Journal Name: December 2013 - Vol. 49, No. 12

In 2005 Congressman Tom DeLay, R-Texas, was convicted, along with two associates, of funneling $190,000 in corporate contributions through the Republican National Committee to Republicans running for the Texas State Legislature in 2002. Congressman DeLay was forced to step down, his political career in shambles. He has been free on a $10,000 bond and has maintained a high profile, even appearing on this author’s guilty pleasure reality show, “Dancing with the Stars.” In September 2013, the Texas Court of Criminal Appeals overturned his conviction, rejecting the case brought against the flamboyant politician. “The evidence was legally insufficient to support DeLay’s convictions,” wrote Justice Melissa Goodwin in the opinion for the majority. “The fundamental problem with the state’s case was its failure to prove proceeds of criminal activity.” While a jury found that Mr. DeLay was guilty of money laundering, the appeals court disagreed.

What is Money Laundering?

At its most basic, money laundering is the act of making money that comes from one source look like it comes from another. Criminals try to disguise the origins of ill-gotten gains by funneling that money through legal businesses. Otherwise, the bad guys can’t use the money because it would connect them to the original crime, giving law enforcement the right to seize the funds. In addition, it is a federal crime to engage in any monetary transaction with criminally derived property.[1]

Money laundering in today’s complex financial and volatile political environments is far more insidious than gangsters investing in the local pizzeria or dry cleaners and “laundering” their gambling, prostitution or drug money through legitimate enterprises. A bad guy in Moscow transfers dirty money to another bad guy in Prague who sends it along to Buenos Ares and then to the Caymans and then back to Moscow, all squeaky clean and spendable.

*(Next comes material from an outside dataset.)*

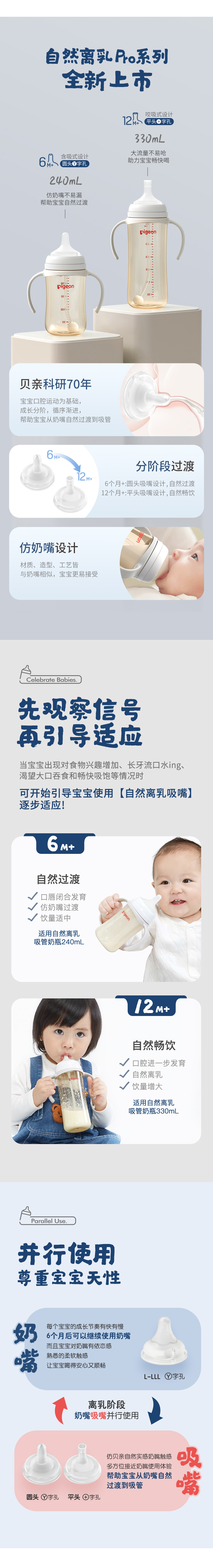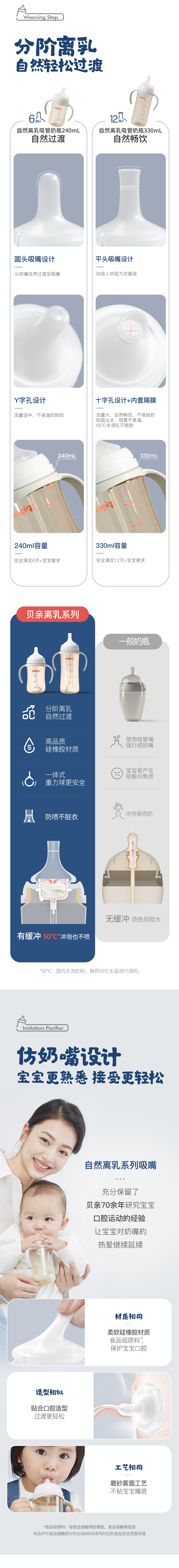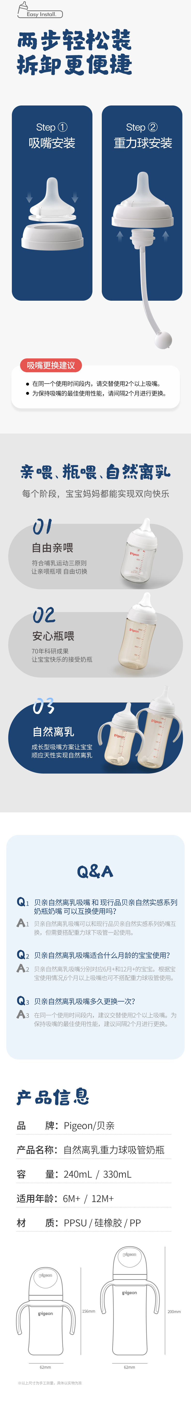 【满49元包邮】贝亲自然离乳重力球吸管PPSU奶瓶

The Financial Crimes Enforcement Network, called FinCEN, describes money laundering as involving three steps: placement, layering and integration. First, the funds are furtively introduced into the legitimate financial system. The money is then moved around to create confusion, sometimes by wiring or transferring through numerous accounts. Lastly, the money is integrated into the financial system through additional transactions until the “dirty money” appears “clean.”[2] FinCEN’s mission is “to safeguard the financial system from the abuses of financial crime, including terrorist financing, money laundering and other illicit activity.”

History of Anti-Money-Laundering Laws

Since the passage of the Bank Secrecy Act in 1970, there have been a series of laws designed to curtail money laundering. Many of these laws amend multiple titles and sections of the United States Code; for these, I have noted the Public Law numbers.

Bank Secrecy Act (1970) (BSA): 31 U.S.C. 5311 et seq and 31 CRF 101 et seq.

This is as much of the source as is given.